In assessing the effects associated with delaying childbirth, doctors are wary of fearmongering. Relatively speaking, the chance of a PABC diagnosis is actually quite rare: Less than 1 percent of new moms each year will be diagnosed with the disease. And yet, the facts still merit thoughtful consideration—especially because, according to experts, the best defense against PABC may have everything to do with a heightened awareness of the issue. “People should continue having pregnancies, but be vigilant about symptoms and report to your doctor immediately any lumps, bumps, or concerning symptoms in your breasts or under arms,” says Ann Partridge, MD, founder and director of the Program for Young Women With Breast Cancer at the Dana-Farber Cancer Institute in Boston. Monthly self-breast exams remain a powerful tool, as does a proactive approach. Partridge counsels women to exercise regularly and maintain a healthy body weight throughout their lives. She also advises drinking in moderation (no more than one glass of wine, or the equivalent, per day) and avoiding exposure to exogenous estrogen, which is found in hormone replacement therapy and can also be found in some pesticide-treated produce and hormone-fed meat. As Schedin stresses, a balanced diet and overall lifestyle “can significantly reduce your chance of getting breast cancer and can help your body fight back when challenged.”
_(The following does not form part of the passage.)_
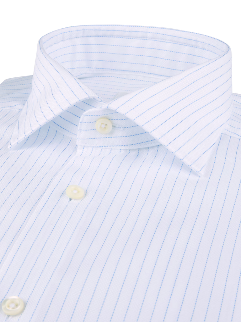 Crafted from premium twofold cotton, this checked twill shirt offers a refined balance of durability and softness. The classic twill weave provides subtle texture and structure, while genuine mother-of-pearl buttons add an elevated finishing touch. Designed with a moderate cut away collar and single cuffs, it delivers a sharp, modern profile that transitions seamlessly from business to evening wear.

For those like Boswell, who had her left breast removed in September 2014, followed by several months of radiation therapy, PABC is a life-changing reality—but one that, caught early, can be faced with hope. Today she is cancer-free and her risk of recurrence is slim. She feels optimistic about the future and plans to have more children. Now two and a half, Court, all blue eyes and blond hair, is walking and talking. And though PABC presented her life with an unexpected twist, Boswell has managed to find the silver lining in the experience. “Cancer was terrible, but it made me appreciate being a mom so much more,” she says. “I would do it all again for my son.”